Литмир - Электронная Библиотека
A
A

С отцом бы они вместе учились. Он не сказал бы, что в голову ничего не лезет.

А вот Кристапу надо учиться. Вот-вот в школу пойдет, а идти туда, ничего загодя не зная, все одно, что поутру на пастбище без хлеба. Вот и бьется с ним Аннеле, а тот колючки выставляет, ровно ежик, — не тронь меня, и все тут.

— Дурья башка! Ничего в него не вобьешь! — сокрушается Аукениха.

— Вобьешь! — не отступает Аннеле.

Жужжит прялка. Кристап нянчит маленького Марциса. Треплет его, тискает, так что малыш ревмя ревет. Аукениха рывком останавливает прялку — даже нитка рвется, и Кристапу достается хороший тычок. «Не дразни ребенка, дай его сюда».

— Подойди ко мне, Кристап, я тебе что-то покажу.

Кристап скулит, на мать поглядывает.

— Можно?

— А толку-то что? — Мать безнадежно машет рукой.

— Увидите, толк будет, — заверяет Аннеле.

Кристап останавливается возле девочки. Произносит задиристо:

— Ну что? Что ты мне покажешь?

— Погляди сюда хорошенько. Я покажу тебе, что земля круглая и вертится вокруг своей оси.

Аннеле считает, что если это поймет Кристапинь, то уже много знать будет.

— Сказки все это!

— В это и я не верю, — откликается Аукениха.

Но тут вступается мать Аннеле:

— Как же не веришь, если в школе учат?

Хочет она помочь Аннеле.

— Школа-то школой, а как же так: то не вертелась, а то вдруг вертится! — упрямится Аукениха.

— Она всегда вертелась! — с убежденностью молодого ученого произносит Аннеле. Но тут же вспоминает, что в первый раз тоже этому не поверила. И не поняла, пока ей как следует не объяснили. И продолжает с горячностью:

— Я тебе все покажу.
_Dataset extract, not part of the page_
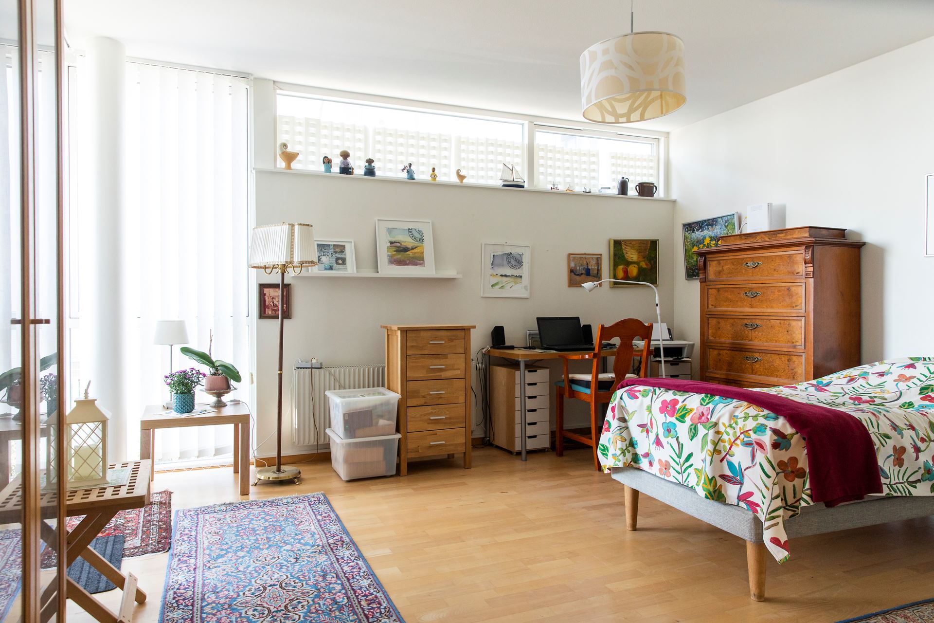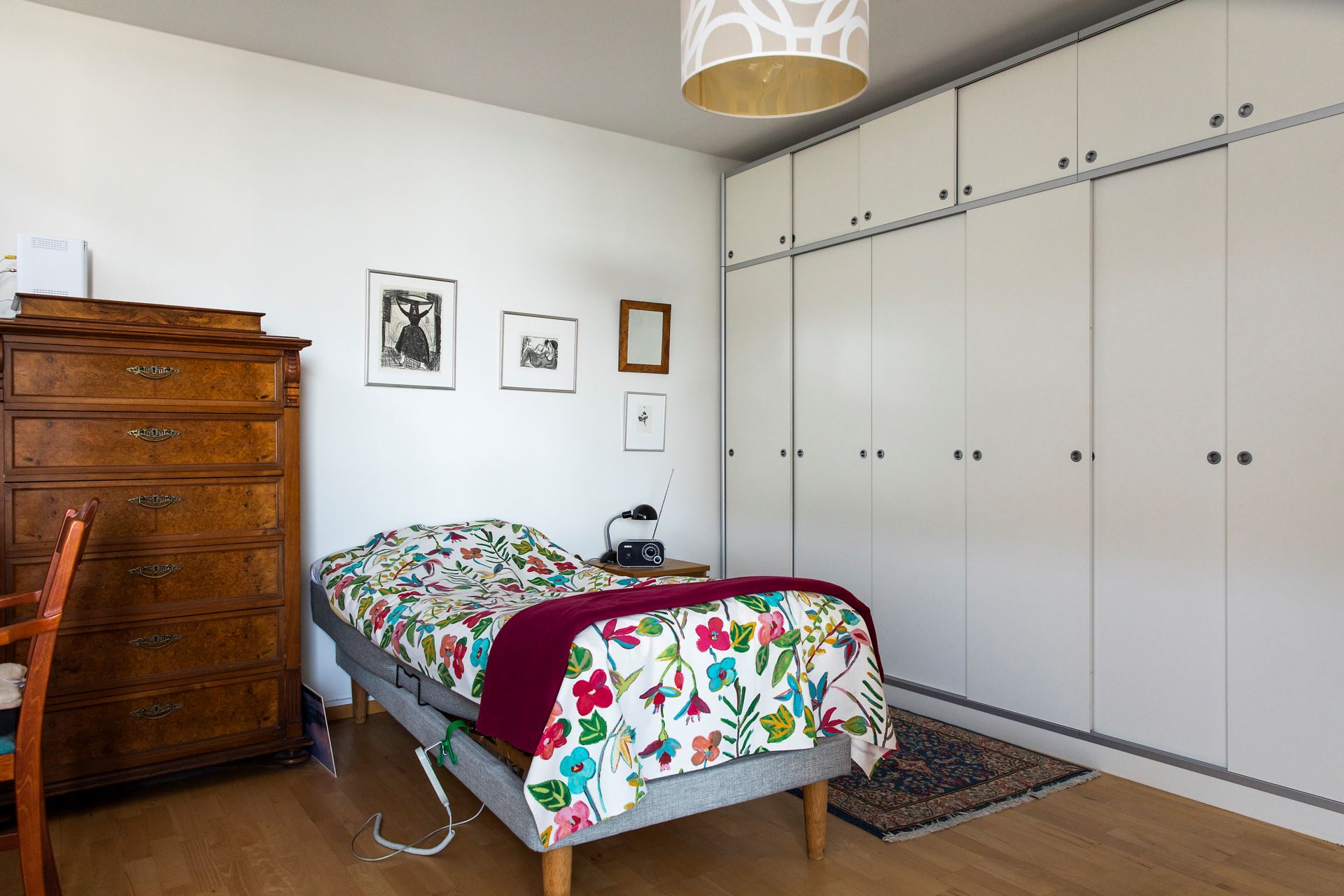 Våningens rofyllda sovrum är ett rum att trivas i. Rummet är lättmöblerat med utrymme för säng, garderober och skrivbord. Även detta rum erbjuder liksom vardagsrummet en svårslagen vy över sundet med eftermiddags- och kvällssol.

В школе учить придется, а ты уж немного будешь знать об этом.

— А кто мне велит знать, если я не захочу? — упрямится Кристапинь.

— Болтают всякую всячину, а дети запоминай. Пусть кто хочет верит, меня не заставишь, — не унимается Лукениха.

— Может, про землю все господа выдумали? — ввернул и Микелис.

— А эта дура девчонка и уши развесила, — задиристо произносит Кристапинь.

— Ой, Микелис, что вы такое говорите! Поддакиваете, а ему ведь в школу идти!

Как же добиться успеха, если никто не верит?

Микелис не хочет ходить в виноватых и машет руками.

— Нет, нет! Раз в школе тому учат, так оно, должно, и есть.

Кристапинь гордо выпрямляется.

— Ну, раз так, давай шпарь! — говорит.

Аннеле проводит на листе бумаги волнистую линию, которая должна изображать море, и чертит над ней маленькие крестики — корабли.

— Море будто бы гладкое, как доска, но это тебе только кажется. А когда плывешь по морю, оно поднимается тебе навстречу, как гора.

— С чего бы это я плыть должен? — презрительно пожимает Кристапинь плечами.

Но Аннеле не отвлекается, она идет по проложенной учителем тропе.

— …как и на земле, когда ты видишь сначала верхушки, так и по морю, когда плывешь, видишь сначала мачты, поэтому…

— Какие мачты? Это море, а это корабли! Раз плюнуть! — И Кристапинь плюет, вырывает листок у Аннеле из рук и швыряет его на пол. — Ерунду ты мне тут не мели!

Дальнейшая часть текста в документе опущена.